La niña enderezó la espalda y se secó las lágrimas con el dorso de una mano mugrienta.
—Diecisiete —dijo, con una expresión que parecía desafiarlo a contradecirla.
A pesar de sí mismo, se rió en voz alta.
—¿Y tú me llamas
mentiroso
? No soy tan viejo como para haber olvidado el aspecto de una persona de diecisiete. Tú tienes siete como mucho.
Sara sacudió la cabeza con aire testarudo e hizo un ruido con la garganta que expresaba a las claras que él no sabía nada de nada.
—Diecisiete —repitió, pero entonces cedió un poco—. Al menos según mis cuentas.
—¿En qué años naciste? —preguntó, tratando de pescarla.

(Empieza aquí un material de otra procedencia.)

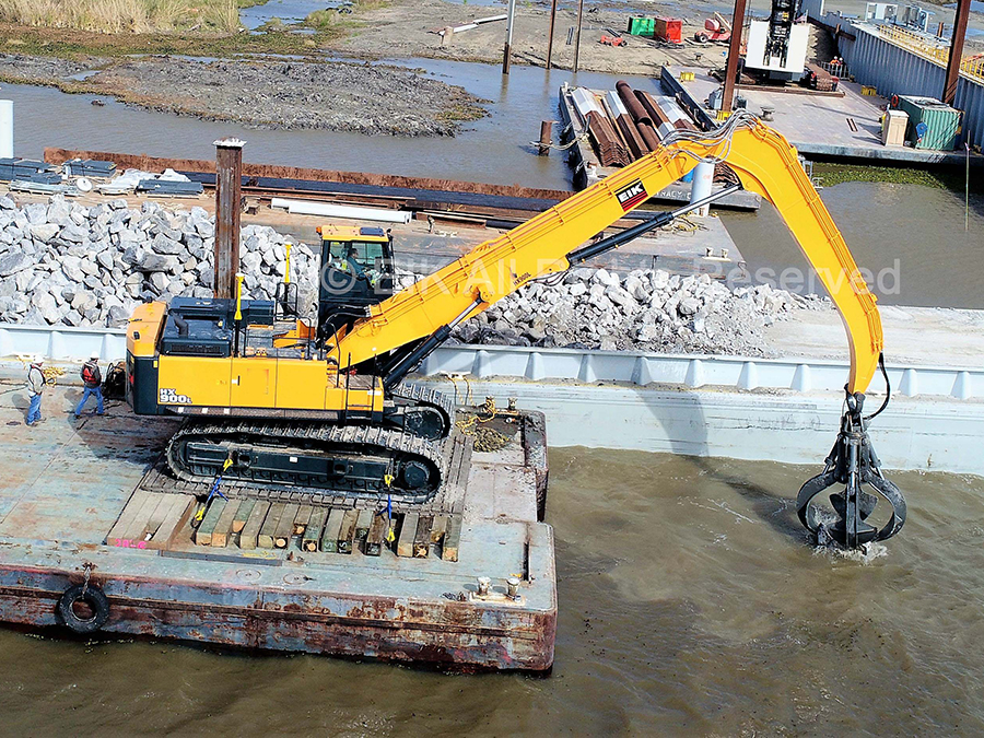 EIK Material Handling Boom is specially designed for efficient material handling solutions of bulk materials. The machine is designed from ground up, transforming from a standard excavator into a piece of highly sophisticated equipment. The most attractive proposition of an excavator-based machine is its fully hydraulic control, which is undisputedly more efficient, easier to operate and less costly to operate and maintain than any traditional crane- based material handling machine.

—No lo cuento desde el año en que
nací
—dijo ella—. ¡Nadie recuerda el momento de su nacimiento! Lo cuento desde el momento en que llegué aquí. Y así son diecisiete.

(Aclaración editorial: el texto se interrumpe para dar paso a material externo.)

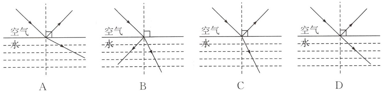 1. 下列能够正确表示光从空气斜射到水中的光路的是(

—Muy bien. —Levantó las manos—. Concedido. ¿Puedes decirme al menos cómo has llegado hasta aquí? ¿Por dónde viniste?
Sin pararse siquiera un momento para pensarlo, Sara señaló a su izquierda.

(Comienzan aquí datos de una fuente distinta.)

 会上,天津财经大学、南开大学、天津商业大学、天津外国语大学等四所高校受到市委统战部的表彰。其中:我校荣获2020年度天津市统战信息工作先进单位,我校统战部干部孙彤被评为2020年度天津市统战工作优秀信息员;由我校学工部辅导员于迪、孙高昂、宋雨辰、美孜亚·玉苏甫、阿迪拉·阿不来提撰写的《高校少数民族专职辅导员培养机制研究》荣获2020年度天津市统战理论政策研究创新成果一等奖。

—Es un camino tan bueno como otro cualquiera, supongo.
Alargó el brazo y le cogió la mano. Ella trató de resistirse pero Arkady se mantuvo firme.
—Ahora que he vuelto a encontrarte, no te dejaré marchar tan fácilmente.
—Puedo arreglármelas sola. —Se levantó—. Vamos, pues, si vas a venir.
Conducido por ella, se adentró más aún en la oscuridad del Templo Obscura. Arkady estaba impaciente por llegar a su destino pero se obligó a acomodar su paso al de Sara, que marchaba lenta y penosamente arrastrando los pies. Era algo demencial.
En su forma lupina hubiera podido avanzar corriendo y explorar en todas direcciones. Alejarse un momento y volver a su lado un centenar de veces. Pero no se apartó de ella.
—¿Estás segura de que es por aquí? —preguntó después de una eternidad de moroso avance por la oscuridad infinita.